#### [WORK ORDER]
Return the lines of the data below starting at the one holding "Steckdose 2-fach mit" and ending at the one holding "٢ࣉ.pm31ʲΦϯϥΠϯʳ テーマ:来年に向けて、今年やったこと、書いたコード F", word for word, leaving every picture out.

#### [RECORDS FOR THIS TASK]
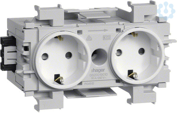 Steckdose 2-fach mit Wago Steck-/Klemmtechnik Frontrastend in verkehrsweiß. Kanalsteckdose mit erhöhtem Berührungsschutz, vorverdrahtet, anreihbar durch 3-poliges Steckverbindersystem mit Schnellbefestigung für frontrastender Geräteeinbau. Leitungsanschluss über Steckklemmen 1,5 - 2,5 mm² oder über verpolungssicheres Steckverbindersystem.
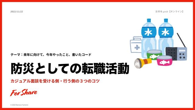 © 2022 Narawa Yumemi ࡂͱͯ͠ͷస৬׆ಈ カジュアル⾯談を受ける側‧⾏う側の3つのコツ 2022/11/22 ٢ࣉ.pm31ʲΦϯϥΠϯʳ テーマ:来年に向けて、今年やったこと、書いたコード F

* * *

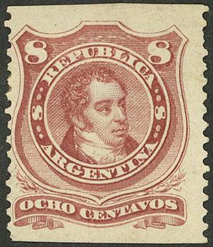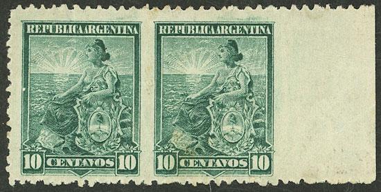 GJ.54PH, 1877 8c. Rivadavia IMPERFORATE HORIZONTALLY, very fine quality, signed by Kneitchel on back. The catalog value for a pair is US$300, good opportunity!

---

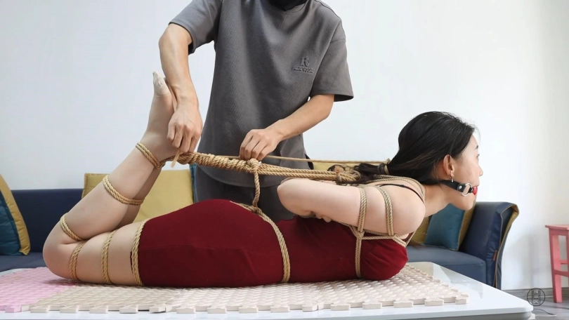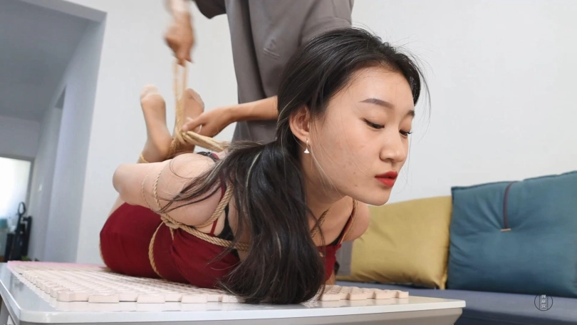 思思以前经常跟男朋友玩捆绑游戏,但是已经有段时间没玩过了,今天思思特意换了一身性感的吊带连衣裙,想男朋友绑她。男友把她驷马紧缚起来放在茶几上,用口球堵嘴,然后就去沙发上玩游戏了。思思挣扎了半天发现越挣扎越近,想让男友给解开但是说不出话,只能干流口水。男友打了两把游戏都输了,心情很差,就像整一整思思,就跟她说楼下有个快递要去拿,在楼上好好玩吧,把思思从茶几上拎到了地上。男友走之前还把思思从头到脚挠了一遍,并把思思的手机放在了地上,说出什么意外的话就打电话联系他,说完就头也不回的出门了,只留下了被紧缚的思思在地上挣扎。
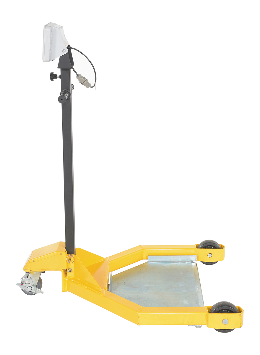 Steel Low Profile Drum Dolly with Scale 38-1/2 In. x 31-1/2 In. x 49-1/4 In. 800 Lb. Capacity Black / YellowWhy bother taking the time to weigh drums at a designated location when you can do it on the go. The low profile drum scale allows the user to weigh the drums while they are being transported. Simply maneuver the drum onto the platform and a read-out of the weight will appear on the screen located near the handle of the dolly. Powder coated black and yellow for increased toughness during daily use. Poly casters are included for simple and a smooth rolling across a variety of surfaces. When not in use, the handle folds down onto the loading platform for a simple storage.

#### [WRITTEN SOLUTION]
 Steckdose 2-fach mit Wago Steck-/Klemmtechnik Frontrastend in verkehrsweiß. Kanalsteckdose mit erhöhtem Berührungsschutz, vorverdrahtet, anreihbar durch 3-poliges Steckverbindersystem mit Schnellbefestigung für frontrastender Geräteeinbau. Leitungsanschluss über Steckklemmen 1,5 - 2,5 mm² oder über verpolungssicheres Steckverbindersystem.
 © 2022 Narawa Yumemi ࡂͱͯ͠ͷస৬׆ಈ カジュアル⾯談を受ける側‧⾏う側の3つのコツ 2022/11/22 ٢ࣉ.pm31ʲΦϯϥΠϯʳ テーマ:来年に向けて、今年やったこと、書いたコード F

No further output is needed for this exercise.